PIL's have involved other people by asking them to pass on unwanted cards and gifts on their behalf, even after we've repeatedly asked them not to, and caused significant upset in our relationships with those other people when we've refused the gifts again and asked them not to bring them.

Two of our children have died. PIL's have been particularly cruel about these losses, asking me if it still hurts to give birth if your baby is dead, asking if our daughter was born with all of her face or with bits missing, and used our dead daughter's birthday and anniversary of the day she died to come to our house with unwanted Christmas cards and money and caused us a lot of stress and upset.
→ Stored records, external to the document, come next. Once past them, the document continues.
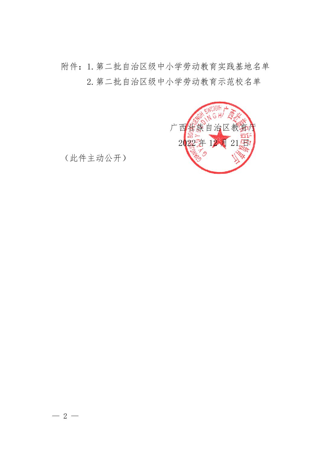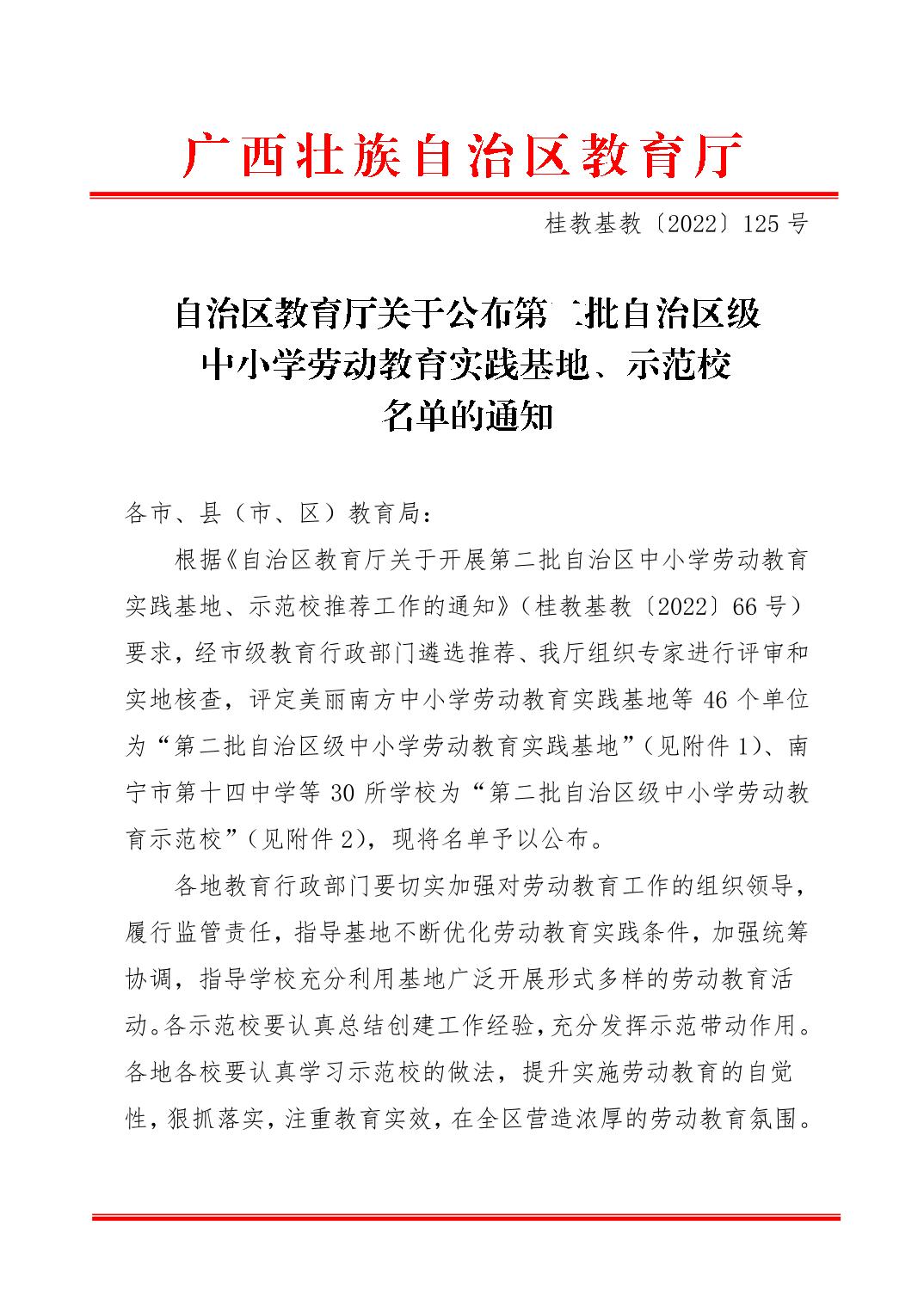 桂教基教〔2022〕125号 自治区教育厅关于公布第二批自治区级中小学劳动教育实践基地、示范校名单的通知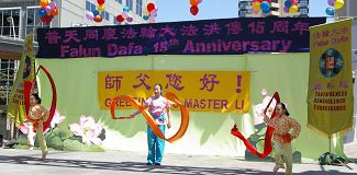 二零零七年五月十三日,第八届“世界法轮大法日”,又是大法洪传于世十五周年纪念日,法轮功学员在纽约曼哈顿中心的联合广场举行大型庆祝活动,以多姿多彩的传统中华歌舞为师尊贺寿,歌颂大法恩德,和纽约民众一起欢庆大法开传的伟大纪念日。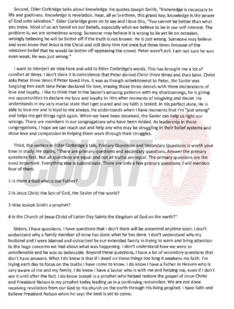 Yes @LDS social scientist, it appears that even Chad knew that the SIL (per MG call) was not on "his page", and he stated such on December 8 2019 to MG. So sad that she was shunned (my word, not technical or religious) and she is having to go through this. As we all know here that follow cases, the living are victims that have to go through heck being associated. It appears to confirm, even from Chad in the MG call, that he was aware. Even BEFORE this hit the news!

That's just a tiny snapshot of what they have done to us so if this Nigel person cant see that sometimes cards and gifts are unwanted and are harassment, then he needs to listen to people like us.

Not all cards and gifts are wanted or welcome. And while most normal people can take no for an answer, my PILs can't and won't and they use things like cards and gifts as weapons to hurt us. They used their dead grandchild's birthday as a weapon to hurt us, more than once.

And I absolutely will call the police if they do this again, because PIL's have no respect for us or our wishes. They won't listen to us. So legal steps may be our only option in the future and this grandparents rights nonsense is pandering to them harassing us.

StringandGlitter · 07/05/2018 17:24

Oh blimey Hygge. That's awful. I'm so sorry you've experienced that.